Note 3 The War Studies Department was run by John Keegan. The recent obituary of Duncan Anderson, who took over as its head in 1997, had an interesting snippet!  Keegan’s successor was a chap called John Pimlott, who had died after two grenades he picked up during a battlefield tour in France exploded in his study at home. 

PC 407 Catch up in The Hope

I love familiar places as much as I love the adventure of travelling somewhere new; something reassuring that there is continuity of activity even if you yourself are absent. I hadn’t made it to The Hope Café since we got back from Estoril, so it was a little potluck as to who was there on Tuesday afternoon. ‘Ah!’ I thought, ‘Josh has gone back to Israel’, as he was not behind the counter and the candle was back, a testament that our thoughts go with him.
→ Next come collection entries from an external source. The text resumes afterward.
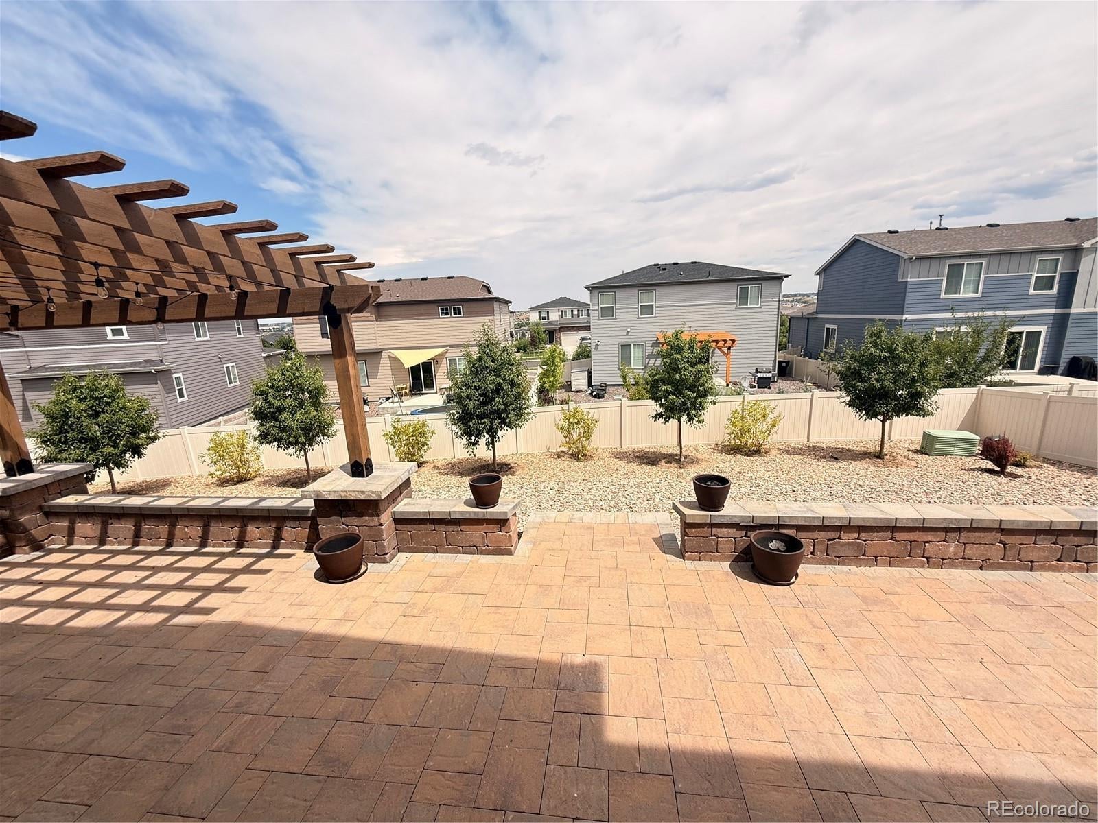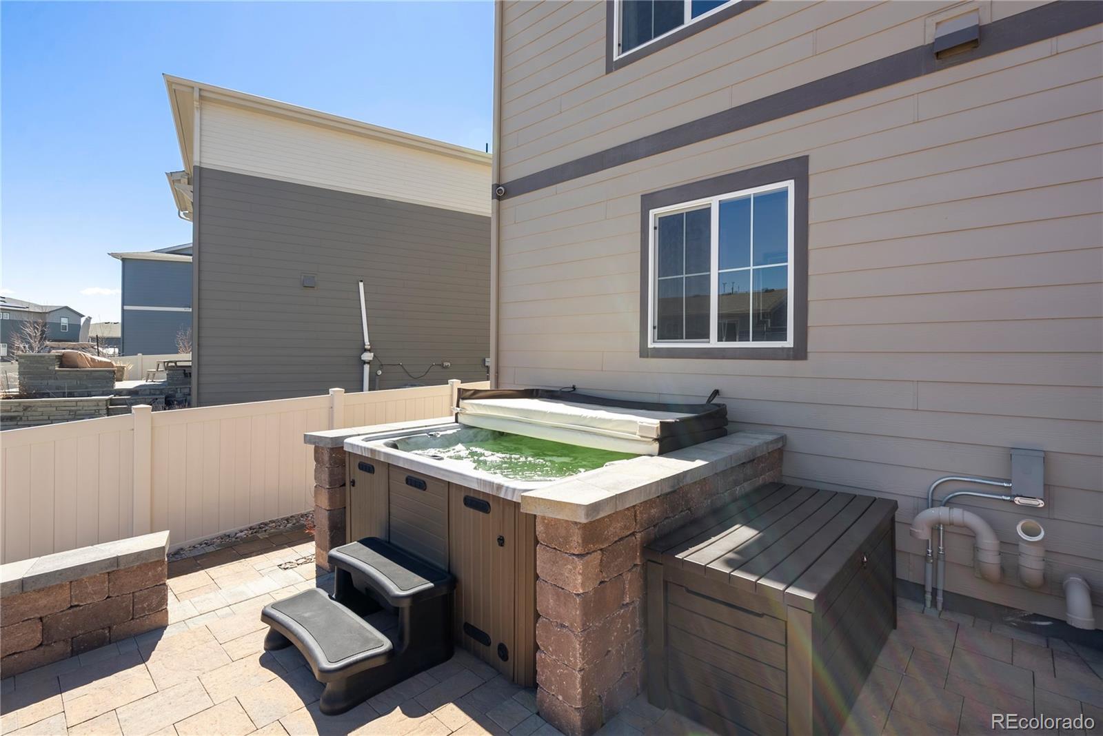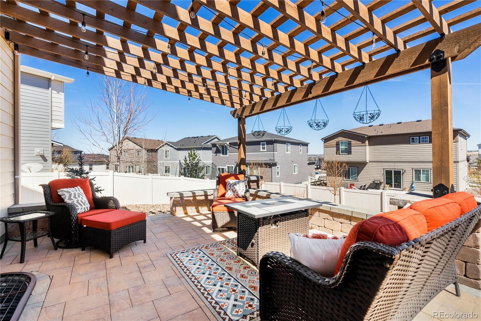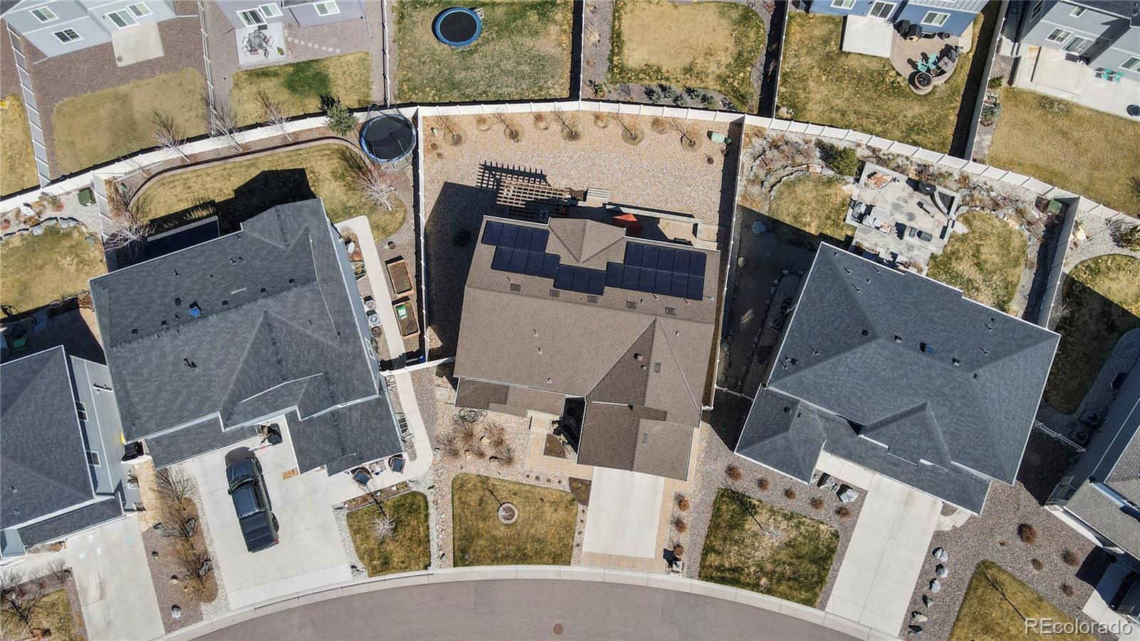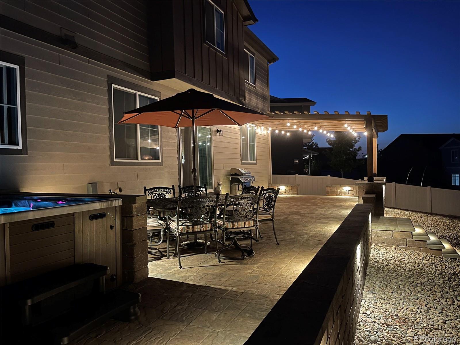 Video Tour: https://shorturl.at/PBvwt This beautifully upgraded 4-bedroom plus main-level office home is ready for its next chapter, ideally set across from a charming pocket park and just minutes from top-rated Legacy Elementary. From the moment you arrive, you’ll appreciate the inviting curb appeal—lush landscaping, mature trees, permanent Jellyfish lighting, and fully paid-off solar panels that combine beauty with smart savings. Step inside to a sun-filled, open layout designed for both everyday living and entertaining. The heart of the home is a designer kitchen with quartz countertops, crisp white cabinetry, stainless steel appliances, a spacious walk-in pantry, and a generous eat-in island. The main-level office with French doors is perfect for work, creativity, or study. Upstairs, you’ll find four roomy bedrooms, each with walk-in closets and brand-new carpet. The primary suite is your personal retreat, complete with dual closets—including a massive dressing room—and a spa-inspired bath featuring a soaking tub, frameless glass shower, and dual vanities. Laundry is conveniently located on the upper level. The rare 3-car tandem garage offers tons of storage, an attic space, and dual EV charging stations. The fully insulated, unfinished basement is a blank slate for your vision—home gym, media room, or future guest suite. Outside, unwind in your private, xeriscaped backyard designed for low maintenance and easy Colorado outdoor living. Entertain under the built-in pergola with dimmable lighting, or soak in the low-maintenance 8-person hot tub—all on a custom stone patio complete with lighting and a transferable 20-year warranty. This is more than just a house—it’s the lifestyle you’ve been searching for, blending luxury, smart features, and true community in the heart of Anthology West.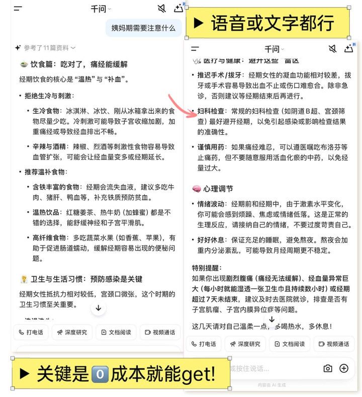 又比如,女性面对一些身体变化或私护健康时,往往会有“不好意思去医院”或“不知如何向人开口”的羞涩与焦虑,而千问可以提供一个私密的探讨空间,帮你判断哪些是正常波动,哪些需要科学护理,在保护隐私的同时带来安全感。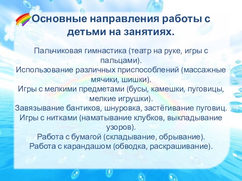 пальцев и кистей рук, повысить их работоспособность, что создает основу для новых возможностей в формировании необходимых умений и навыков.

Despite him being wounded when he was last with the IDF (see PCs 361, 368 and 378), he recovered very quickly and there was a lasting legacy of action, of tension, of excitement; no wonder he’s gone back. I imagine he’ll be used in some support role.

A quick scan of the occupied tables and I recognise Sami, Anna and Robert. The latter has his head down into his laptop on the window counter, hopefully being creative, so I decide not to disturb him.  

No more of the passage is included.